Still, Kerley wasn’t a top-tier recruit coming out of Taylor High School, outside Austin, Texas. He landed at Levelland’s South Plains College, where he worked through a hamstring injury as a freshman and placed a modest 11th in the 400 meters at junior college national championships as a sophomore. But he always worked hard and without complaint, said Chris Beene, his former coach at South Plains.

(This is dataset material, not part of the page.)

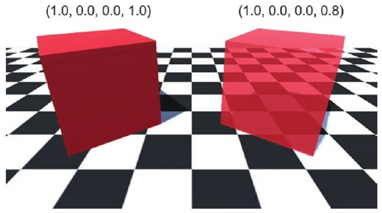 左边立方体的alpha值为1,右边立方体的alpha值为0.8,可以看到右边的立方体颜色更透明。

“He was always a great teammate,” admitted Beene, who is now the head coach for girls’ athletics at Anna High School outside Dallas. “I mean, he would be willing to die on the track in the 4×400 for our team.”
With more training, Kerley’s talent emerged. At Texas A&M, he was the NCAA champion in the 400 meters in 2017. Two years later, he was a bronze medalist in the event at the World Championships. His future seemed to be in the 400, but he started eyeing shorter sprints during the pandemic. In a way, Kerley said, he wanted to get back to his roots as a sprinter and long jumper. Or, as he himself said, “go back to my field of play.”
The world of athletics has been surprised by his unconventional decision. Going from 400 to 100 isn’t quite the same as hanging up your hurdle shoes to go hammering, but it’s not an easy transition, either. The 100 requires different skills and a fresh approach to training. There is a reason few athletes have been world class in both disciplines.
But Kerley vindicated his move to winning the silver medal in the 100 meters at the Tokyo Olympics of last summer, and it has only continued to improve. At the U.S. championships last month, he ran in 9.76 seconds in his semi-final, the third-fastest time ever for an American, and then blew out a large field in the final to win. the title in 9.77 seconds less than two hours later. Jamaican Usain Bolt remains the world record holder with 9.58s.
But while many sprinters fill reporters’ notebooks like wrestlers, Kerley tends to keep his thoughts to himself. After winning his first round on Friday, he flew past the reporters without taking questions. Asked by a reporter for the athletics website FloTrack about his plan for Saturday, Kerley glanced over his shoulder and, without breaking stride, said, “What did I tell you last time?” (It was not immediately clear what Kerley had said last time. After some detective work, FloTrack reporters determined that Kerley had said, “You’ll see.”)
This is how he won the 100 meters in the World Cup
Bracy-Williams said that Kerley was more playful and talkative with his friends and peers. “Contrary to popular belief, she’s not the stone face everyone thinks she is,” Bracy-Williams said. “He is a fun guy. But when he comes here, it’s all business.”
Kerley’s competitive streak extends beyond the track. On Thursday, she played cornhole with Bracy-Williams and treated it like an Olympic final. Kerley, it seems, is willing to compete in anything. “Even if it’s about drinking water,” Bracy-Williams explained.
There is one topic that does seem to arouse Kerley’s interest when speaking publicly, and that topic is specific: the people who doubted that he was going to be good in the 100 meters. As for how many of those people actually exist, who’s to say? But Kerley has used them, real or imagined, to feed himself.
As for the future, Kerley said he would run in the 200m this week and would be available for relays in the 4x100m and 4x400m races. (Stay tuned. Or, as he likes to say, “You’ll see.”) But while he knows being the 100-meter world champion will change his life—“The future is bright,” he said—he isn’t about to limit himself or bow to conventional wisdom. “In a couple of months,” he said, “I’ll probably be back to doing the 400″.